→ WHAT YOU SHOULD DO:
What is needed is an exact copy of the records below, without the pictures.

→ Records contained in a dataset:

..........

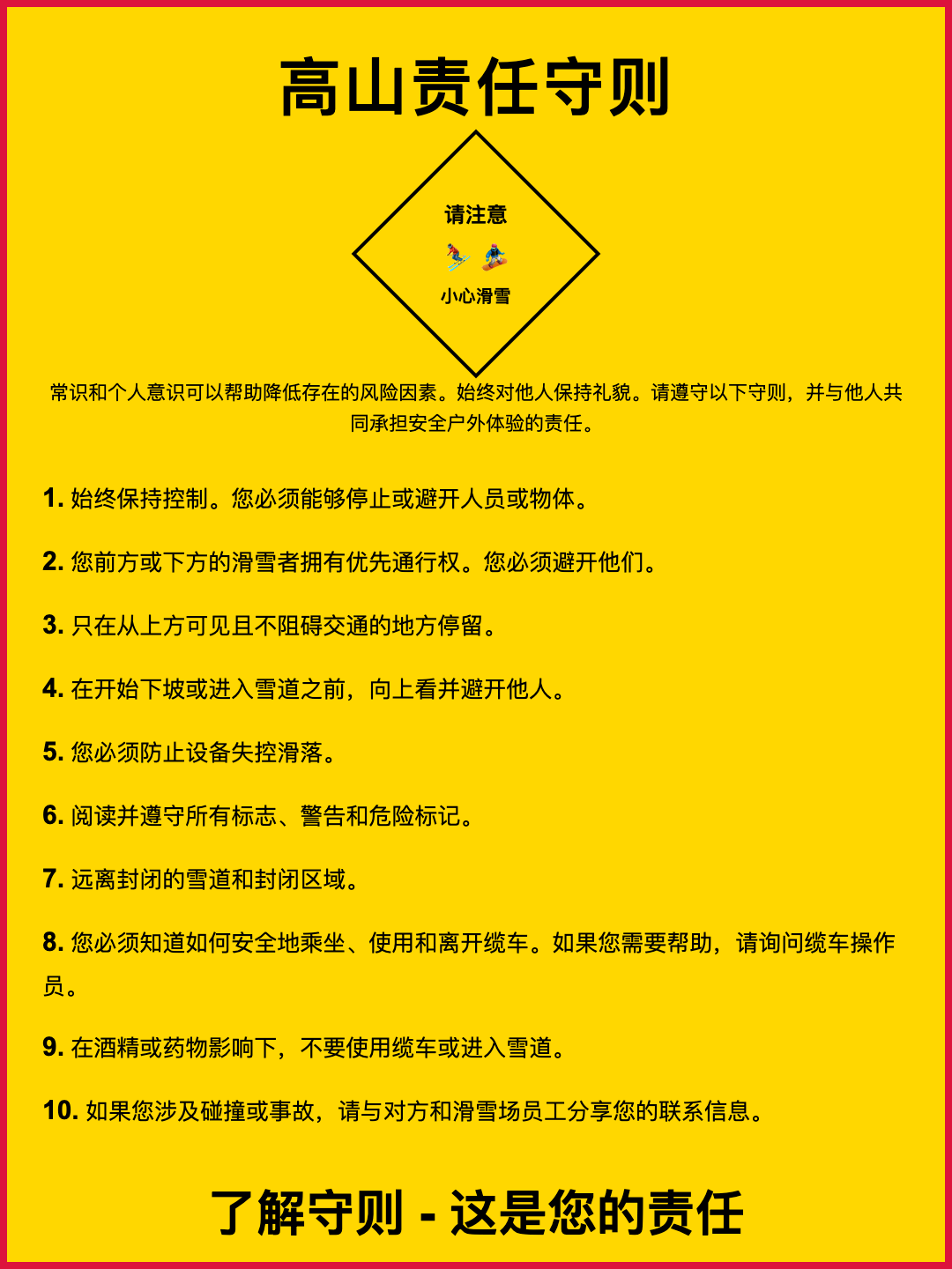 “你必须了解并具备安全上、乘、下缆车的能力。如需协助,请向缆车工作人员求助。”
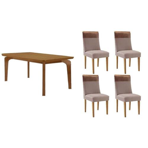 Sala de Jantar Completa Londrina c/ Tampo Madeirado Canto Curvo 120x80cm e 4 Cadeiras Jaspe Naturale - Linho Capuccino - Rufato Abaixo segue os produtos do KIT: Sala de Jantar Completa Londrina c/ Tampo Madeirado Canto Curvo 120x80cm e 4 Cadeiras Jaspe Naturale - Linho Capuccino - Rufato
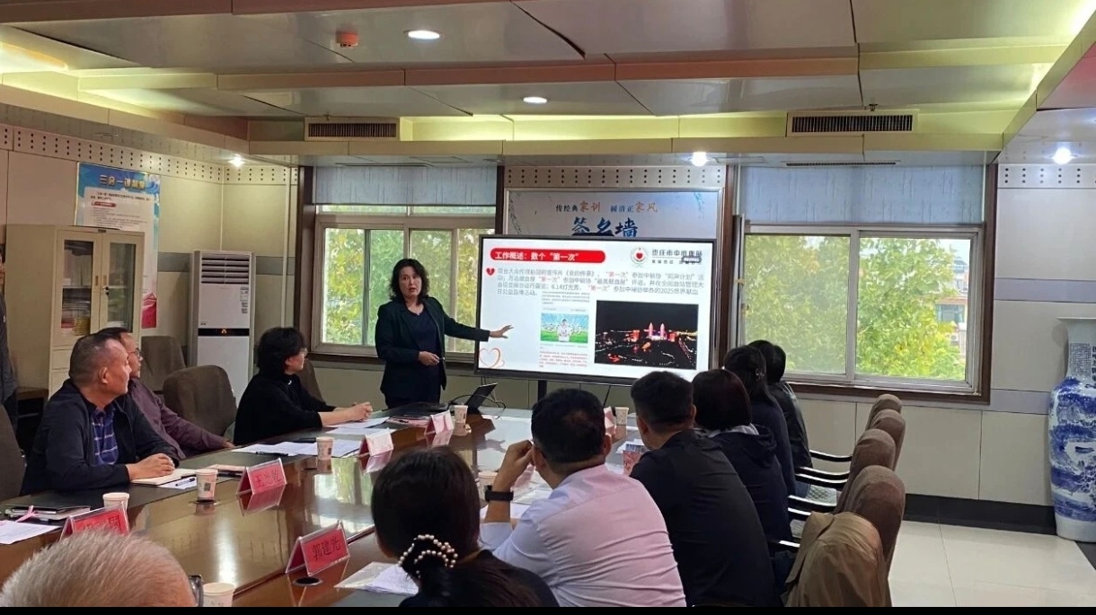 枣庄市中心血站副站长张惠主持了联合内审首次会议。市卫生健康委卫生应急科科长黄涛致辞。黄科长对内审专家组的到来表示热烈欢迎,黄科长指出血液安全是医疗卫生生命线,区域协同是破解血液保障难题的关键。希望大家以此次联审为新起点,凝心聚力、互学互鉴,以更严标准、更实举措筑牢血液安全防线,为区域医疗卫生高质量发展再作贡献!市中心血站党支部书记、站长胡卫国介绍血站工作情况。
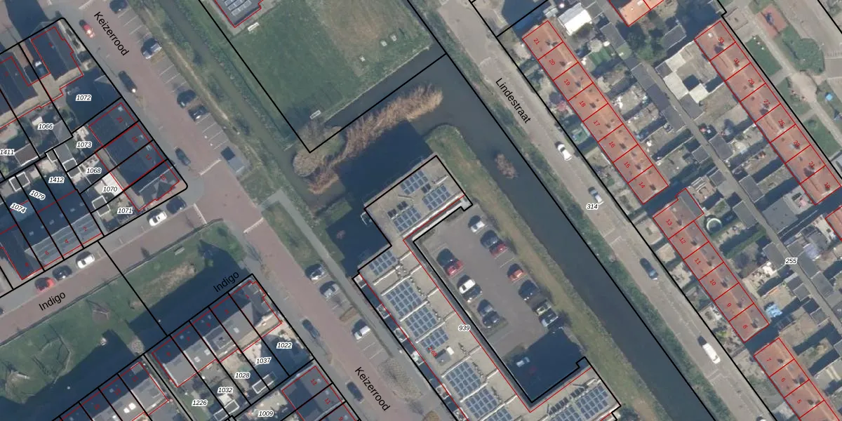 Het perceel waarop Keizerrood 66 staat heeft een oppervlakte van 1470 m². Dit is een zeer groot perceel. De perceeloppervlakte wordt geregistreerd door het Kadaster. Gedetailleerde informatie over de maten van dit perceel kunt u vinden in het rapport Kadastrale kaart met maatvoering van Keizerrood 66.
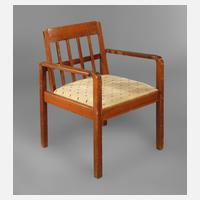 wohl Dresden, 1920er Jahre, aus massivem Kiefernholz gefertigt, schräg eingestellte, leicht gebogene Lehne, leicht konisch zulaufende Armauflagen, eingelegten Sitzkissen mit originalem Stoffbezug (verschmutzt), H 88 x B 63 x T 60 cm.
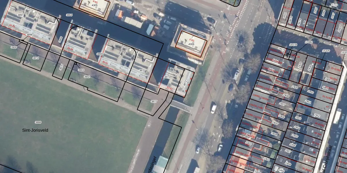 Sint-Jorisveld 55 is gelegen op kadastraal perceel HLM01G3871. Deze kadastrale aanduiding is uniek en wordt gebruikt door het Kadaster om eigendomsrechten en andere zakelijke rechten vast te leggen. Het perceel maakt onderdeel uit van de kadastrale gemeente Haarlem.
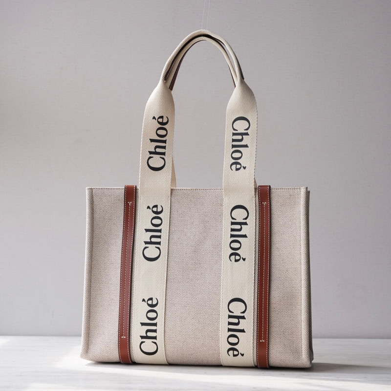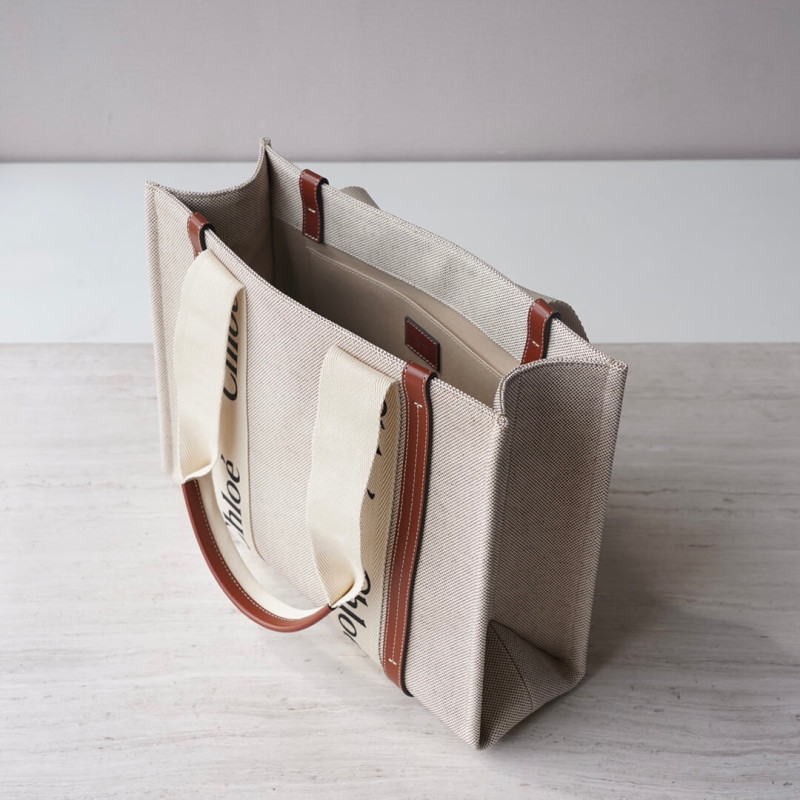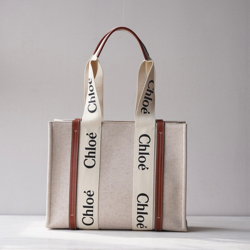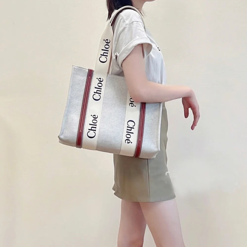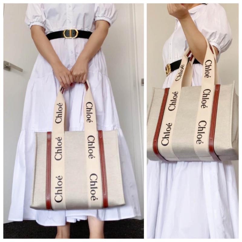 The bag s sharp, modern lines are emphasized by the contrasting vertical leather strips and the signature Chloé logo ribbon in lower-impact linen, carried over from the Maison s Woody mule. Carry this tote bag comfortably on the shoulder.
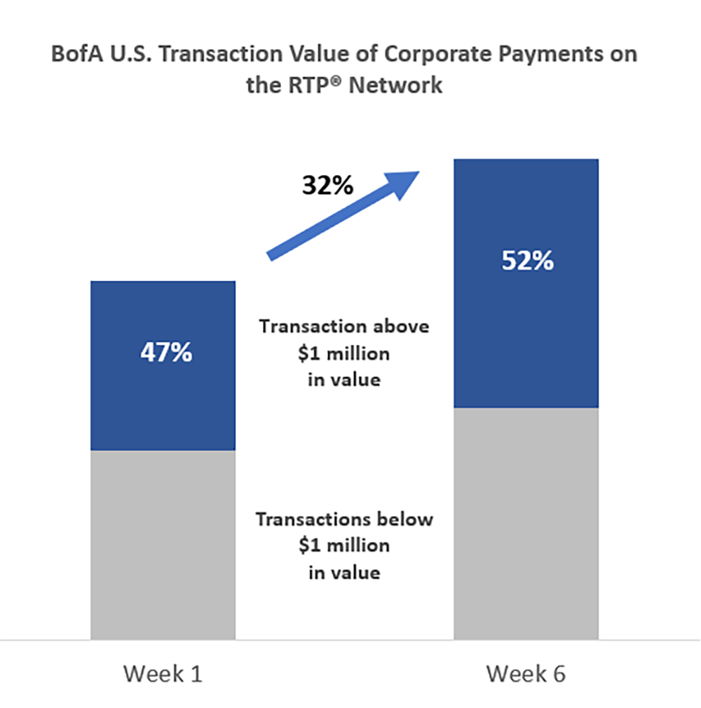 In the first six weeks since the transaction limit was raised, BofA corporate clients have increasingly taken advantage of the limit increase, with transactions over $1 million now accounting for more than half the value of all U.S. real-time payments the company is processing.
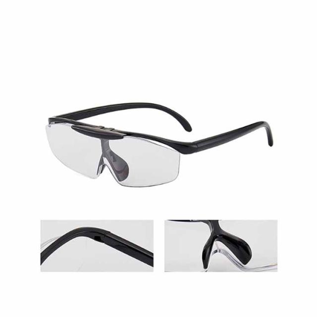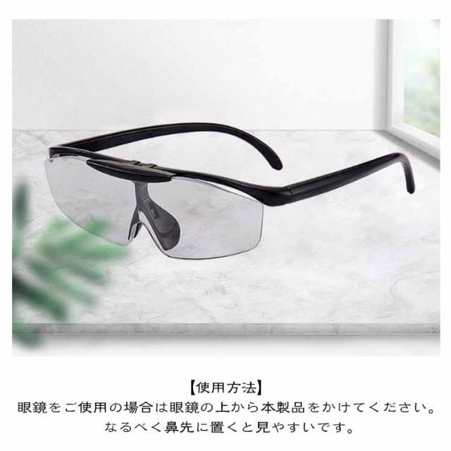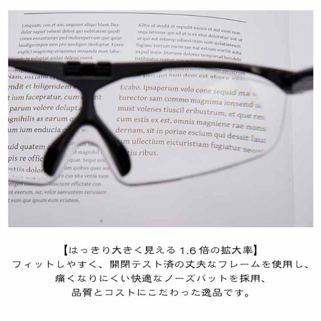 | 眼鏡の上からそのままかけられる軽くクリアな視界で快適の眼鏡ルーペ。 クリアな視界で小さな文字もはっきり見える眼鏡型ルーペ。無理の無い体勢で文字を読め、メガネの上から使える便利なメガネ型ルーペ(拡大鏡)です。 【ワンタッチ跳ね上げ式で便利な拡大鏡ルーペ 】遠くを見たい時に不便だったメガネ型ルーペのデメリットを解消したレンズ跳ね上げ型。見る方向によってルーペを外したりかけたりする必要がございません。 【はっきり大きく見える1.6倍の拡大率】フィットしやすく、開閉テスト済の丈夫なフレームを使用し、痛くなりにくい快適なノーズパットを採用、品質とコストにこだわった逸品です。 【こんなシーンにおすすめ】新聞等の細かい文字、精密作業、手芸、プラモデル作成等、幅広くどんなシーンでもお使いいただけます。男女兼用でお使いいただけます。 【使用方法】眼鏡をご使用の場合は眼鏡の上から本製品をかけてください。 なるべく鼻先に置くと見やすいです。 対象物から20〜40cmの距離で見やすい位置を探します。拡大する必要がないところを見る場合は、レンズを上に跳ね上げておくことができます。 | |

..........

→ FINISHED TASK:
 “你必须了解并具备安全上、乘、下缆车的能力。如需协助,请向缆车工作人员求助。”
 Sala de Jantar Completa Londrina c/ Tampo Madeirado Canto Curvo 120x80cm e 4 Cadeiras Jaspe Naturale - Linho Capuccino - Rufato Abaixo segue os produtos do KIT: Sala de Jantar Completa Londrina c/ Tampo Madeirado Canto Curvo 120x80cm e 4 Cadeiras Jaspe Naturale - Linho Capuccino - Rufato
 枣庄市中心血站副站长张惠主持了联合内审首次会议。市卫生健康委卫生应急科科长黄涛致辞。黄科长对内审专家组的到来表示热烈欢迎,黄科长指出血液安全是医疗卫生生命线,区域协同是破解血液保障难题的关键。希望大家以此次联审为新起点,凝心聚力、互学互鉴,以更严标准、更实举措筑牢血液安全防线,为区域医疗卫生高质量发展再作贡献!市中心血站党支部书记、站长胡卫国介绍血站工作情况。
 Het perceel waarop Keizerrood 66 staat heeft een oppervlakte van 1470 m². Dit is een zeer groot perceel. De perceeloppervlakte wordt geregistreerd door het Kadaster. Gedetailleerde informatie over de maten van dit perceel kunt u vinden in het rapport Kadastrale kaart met maatvoering van Keizerrood 66.
 wohl Dresden, 1920er Jahre, aus massivem Kiefernholz gefertigt, schräg eingestellte, leicht gebogene Lehne, leicht konisch zulaufende Armauflagen, eingelegten Sitzkissen mit originalem Stoffbezug (verschmutzt), H 88 x B 63 x T 60 cm.
 Sint-Jorisveld 55 is gelegen op kadastraal perceel HLM01G3871. Deze kadastrale aanduiding is uniek en wordt gebruikt door het Kadaster om eigendomsrechten en andere zakelijke rechten vast te leggen. Het perceel maakt onderdeel uit van de kadastrale gemeente Haarlem.
 The bag s sharp, modern lines are emphasized by the contrasting vertical leather strips and the signature Chloé logo ribbon in lower-impact linen, carried over from the Maison s Woody mule. Carry this tote bag comfortably on the shoulder.
 In the first six weeks since the transaction limit was raised, BofA corporate clients have increasingly taken advantage of the limit increase, with transactions over $1 million now accounting for more than half the value of all U.S. real-time payments the company is processing.
 | 眼鏡の上からそのままかけられる軽くクリアな視界で快適の眼鏡ルーペ。 クリアな視界で小さな文字もはっきり見える眼鏡型ルーペ。無理の無い体勢で文字を読め、メガネの上から使える便利なメガネ型ルーペ(拡大鏡)です。 【ワンタッチ跳ね上げ式で便利な拡大鏡ルーペ 】遠くを見たい時に不便だったメガネ型ルーペのデメリットを解消したレンズ跳ね上げ型。見る方向によってルーペを外したりかけたりする必要がございません。 【はっきり大きく見える1.6倍の拡大率】フィットしやすく、開閉テスト済の丈夫なフレームを使用し、痛くなりにくい快適なノーズパットを採用、品質とコストにこだわった逸品です。 【こんなシーンにおすすめ】新聞等の細かい文字、精密作業、手芸、プラモデル作成等、幅広くどんなシーンでもお使いいただけます。男女兼用でお使いいただけます。 【使用方法】眼鏡をご使用の場合は眼鏡の上から本製品をかけてください。 なるべく鼻先に置くと見やすいです。 対象物から20〜40cmの距離で見やすい位置を探します。拡大する必要がないところを見る場合は、レンズを上に跳ね上げておくことができます。 | |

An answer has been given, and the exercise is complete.